The National - News

Australian fertility expert arrested in Iran for working with ‘espionage networks’

- THE NATIONAL

Iran has arrested an Australian fertility expert, accusing her of working with foreign “espionage networks” to downplay the country’s population crisis.

Dr Meimanat Hosseini-Chavoshi was detained as she was leaving Iran, the state news agency Irna said.

The University of Melbourne says Dr Hosseini-Chavoshi is working at its school of population and global health and has published widely on Iran’s once-lauded fertility and family planning policies.

A university spokesman told Australia’s Sydney Morning Herald that reports of her detention were “deeply concerning”.

On Saturday, hardline newspaper Kayhan reported the arrest of several population “activists who, under the cover of scientific activities, had infiltrate­d state bodies”.

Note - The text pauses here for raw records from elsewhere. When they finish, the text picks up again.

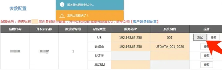 开放平台客户端进行参数配置的时候,数据库连接是通的,但是u8地址修改后点击保存测试提示报错:系统出现错误了!
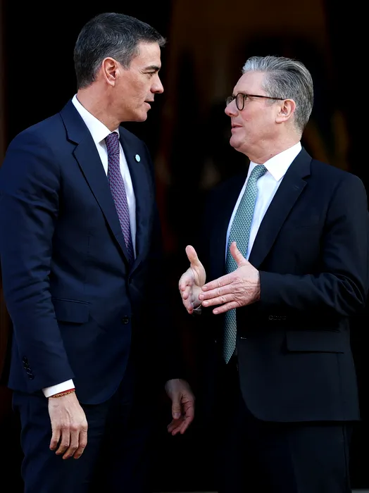 02 March 2025, United Kingdom, London: UK Prime Minister Sir Keir Starmer (R) welcomes Spanish Prime Minister Pedro Sanchez to Lancaster House, for a European leaders' summit on the situation in Ukraine. Photo: Toby Melville/PA Wire/dpa
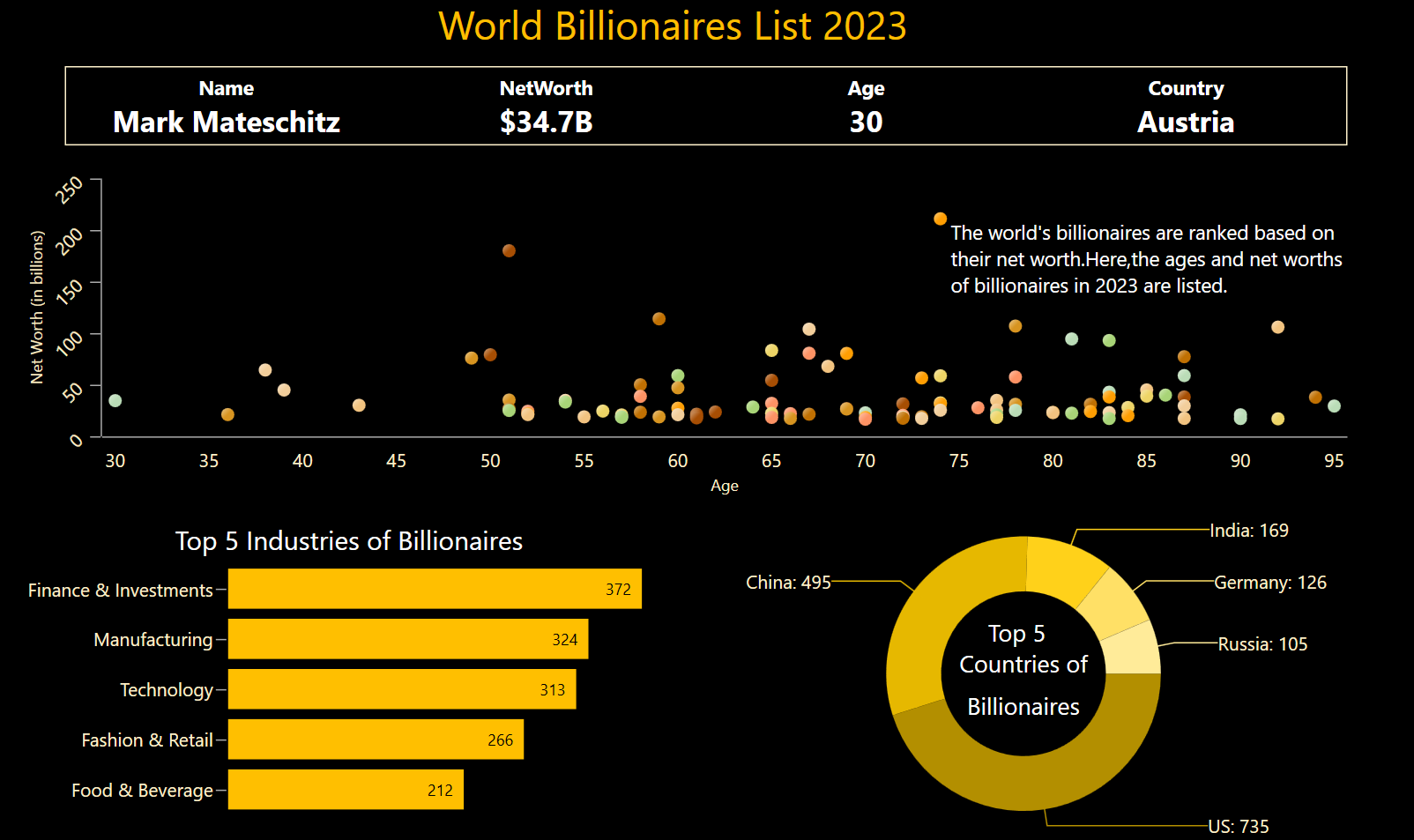 - Doughnut chart: This shows the top five countries with the most billionaires in 2023.
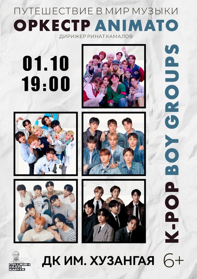 19 января на сцене Дворца культуры имени Петра Хузангая состоится концерт оркестра «Animato», который исполнит лучшие хиты Stray Kids, Ateez, EXO, Seventeen, BTS и многих других.
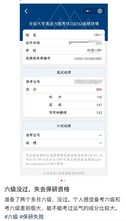但不可否认的是,在大多数情况下,四六级成绩仍是保研过程中成本最低、认可度最广的英语能力证明。想要走得更远,拿下这张“通行证”仍然是最稳妥的选择。
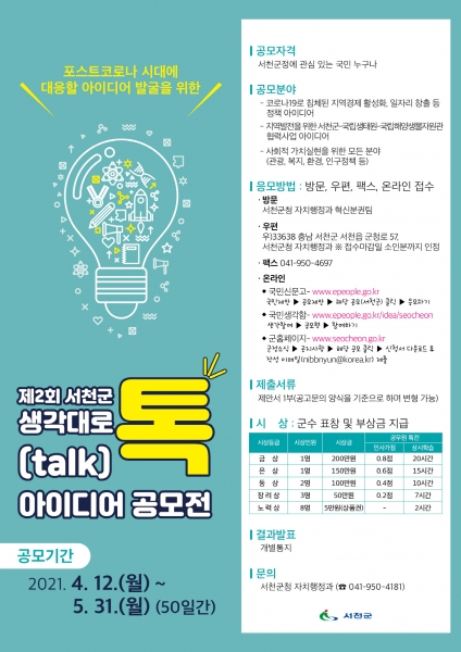 [충청뉴스큐] 서천군이 포스트 코로나 시대에 대응할 국민들의 창의적인 아이디어 발굴을 위해 12일부터 다음달 31일까지 제2회 ‘생각대로 톡’ 아이디어 공모전을 개최한다고 밝혔다.
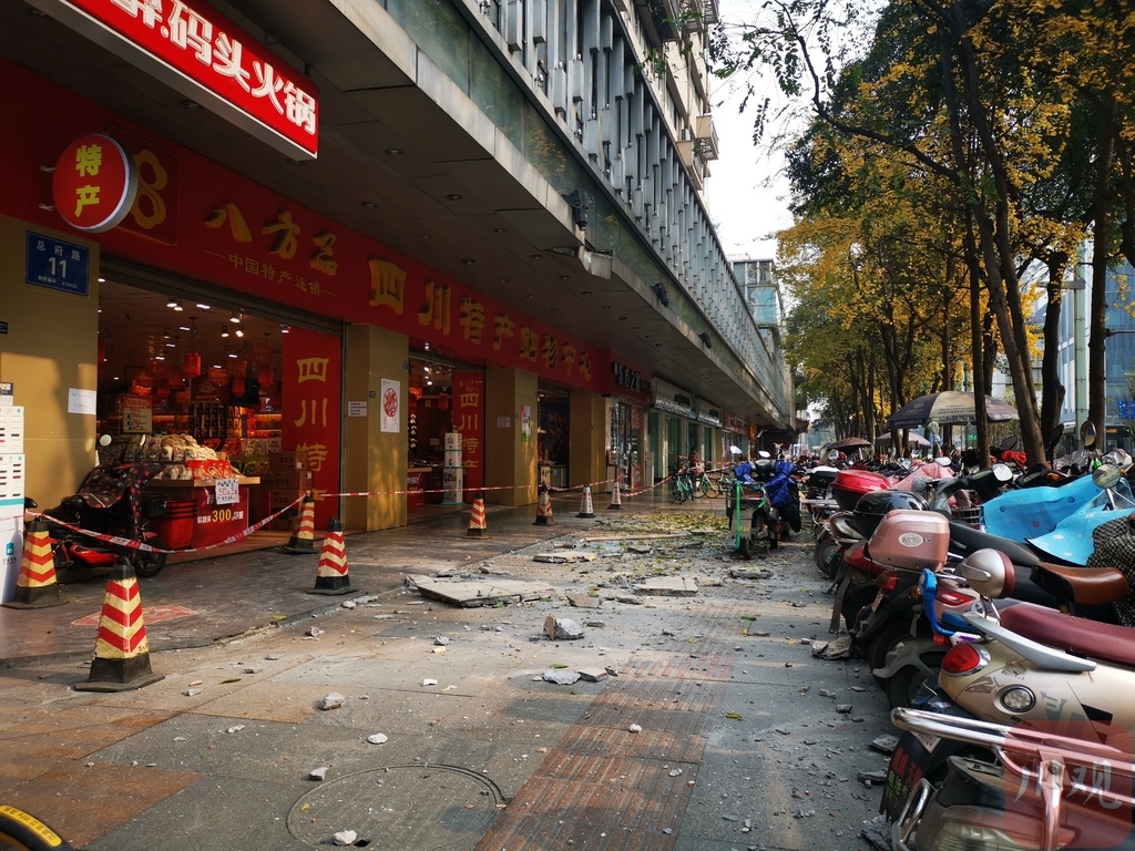 记者在现场看到,目前城管部门已经在事故现场拉起了警戒线,禁止行人通行。从警戒线外可以看到,掉落的墙体将二楼火锅店的临街一处屋面砸穿,掉落下来的墙体至楼下人行道部分地面破损。“还好今天客人不多,窗台位置没有客人。”火锅店一位负责人告诉记者,为了安全起见,火锅店计划暂停营业,待危险排除后再营业。
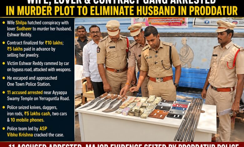Proddatur – Andhra Pradesh: In a shocking case from Proddatur, police have foiled a meticulously planned murder conspiracy in which a woman allegedly plotted to eliminate her husband with the help of her lover and a hired gang. Eleven accused have been arrested after the victim narrowly escaped a deadly attack and sought timely police assistance.
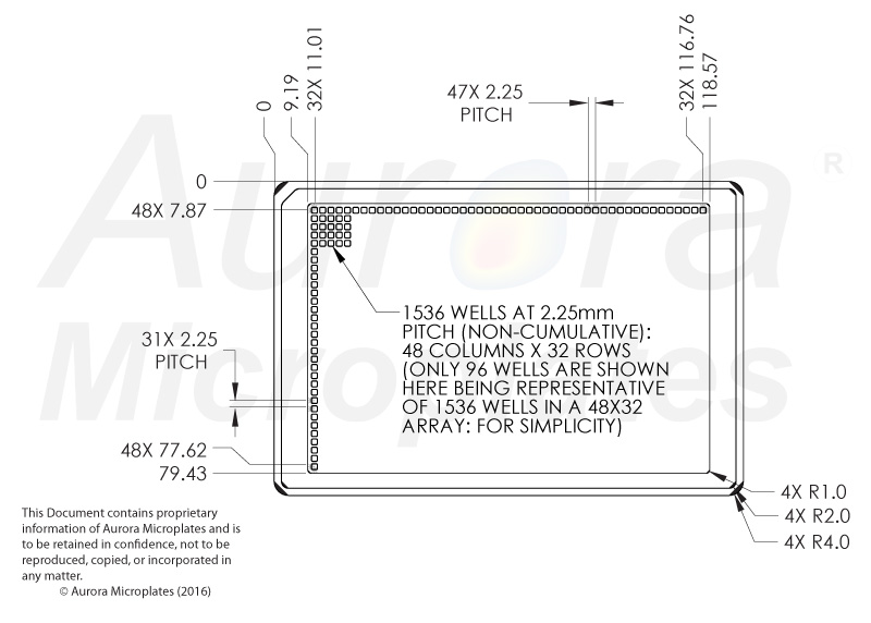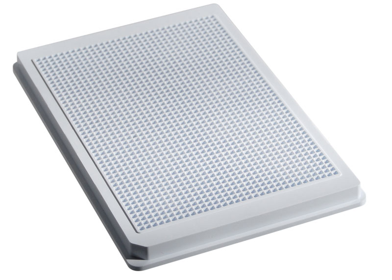 1536 SQ well HiBase plates are available in Black, White and Clear with solid-bottoms. 1536 SQ HB plates are available Tissue-Culture Treated for assays using cells with a 2.3 mm2 bottom surface area. 1536 SQ HB plates have a very consistent bottom thickness making them ideal for compound storage and retrieval using pin-tools or Acoustics. The tapered well shape and size (5mm well depth) enables a low-dead-volume (10.2uL useable volume) result reducing waste and un-used material. All Aurora plates are available with standard or custom bar-coding.
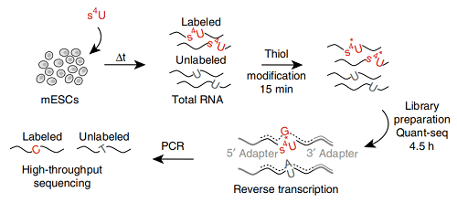 SLAM-seq(thiol(SH)-linked Alkylation for the Metabolic sequencing of RNA)可以理解为“S4U烷基化RNA代谢测序技术”,通过核苷类似物(S4U) 标记和高通量测序方法,实现对新生RNA与原有RNA的定量和识别。SLAM-seq技术有助于检测RNA的半衰期与稳定性变化,鉴定RNA修饰所介导的靶基因变化,以及揭示mRN...阅读全...

“One person has been arrested in this regard and three or four people are being sought,” judiciary spokesman Gholamhoss­ein Ejei told news website Mizan. Mr Ejei gave no further details.

A lawyer told Irna that the woman was Dr Hosseini-Chavoshi and she did not yet have a lawyer.

Iran was once considered an internatio­nal success story in population control, bringing birth rates down from seven per woman in the 1980s to 1.66 in 2016, according to World Bank figures.

Then health minister Alireza Marandi received the UN Population Award in 2000 for his family planning initiative­s.

Dr Hosseini-Chavoshi has written extensivel­y about this work, which she called the “fastest fall in fertility ever recorded”.

In 2012, supreme leader Ayatollah Ali Khamenei said it was a mistake to have continued the family planning policies of the 1990s, and called for new measures to double the population to 150 million.

Dr Hosseini-Chavoshi has dual Australian and Iranian nationalit­y and was detained by security forces in a drive against “enemy infiltrati­on elements”.

“There is evidence these individual­s are connected to western espionage networks,” Nasrollah Pejmanfar, a member of parliament’s cultural commission. Iran does not recognise dual nationalit­y.

Australia’s Department of Foreign Affairs and Trade said it was offering assistance to the family of an national “who has been detained in Iran”.

Tehran has been accused of detaining foreign nationals to extract concession­s from their countries.